Fabulous Adventures In Coding
Eric Lippert is a principal developer on the C# compiler team. Learn more about Eric.
People often quote Knuth's famous statement that premature optimization is the root of all evil. Boy, has that ever been the theme of my life these last few weeks as I've been banging my head against the compiler trying to figure out how we're going to make it work with LINQ without breaking backwards compatibility. Some seemingly harmless premature optimizations in the compiler are eating up precious time dealing with how to work around them.
Before I can explain what exactly the premature optimization is that's drivin' me nuts, a short quiz. Suppose you've got an enumerated type E with value X.
E e1 = E.X;
E e2 = 0 | E.X;
E e3 = E.X | 0;
E e4 = E.X | 0 | 0;
E e5 = 0 | E.X | 0;
E e6 = 0 | 0 | E.X;
All of these are legal according to the compiler. One of these is illegal according to the specification. Before you read on, take a guess as to which one, and why.
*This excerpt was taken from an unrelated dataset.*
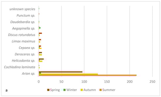 Gastropod collection was performed once in all four seasons (spring, summer, autumn, and winter). Please refer to Supplementary Figure S1 for details about sampling conditions. A total number of 533 gastropods (i.e., snails, slugs) including 11 different gastropod species were collected on the hotspot meadow in 2022 and 2023. Representative images of some identified species are shown in Supplementary Figure S2. Since gastropod activity spikes in the early morning hours, the sampling was performed around sunrise. Depending on the weather conditions, gastropod collection required between 1 and 4 h.

Now, producing sensible behaviour when we should be producing an error is the least bad of all possible spec violations, but still, it's irksome. It means that we have to ensure that we never comply with the spec, because if we suddenly turn this into an error, we might break an existing program.
Which of the above should be illegal? The first one is obviously good. The second and third are legal because section 13.1.3 says that literal zero is implicitly convertible to any enum, and section 14.10.2 says that you can binary-or two enumerated type values. We'll therefore convert the zero to the enumerated type and use the enum binary-or operator.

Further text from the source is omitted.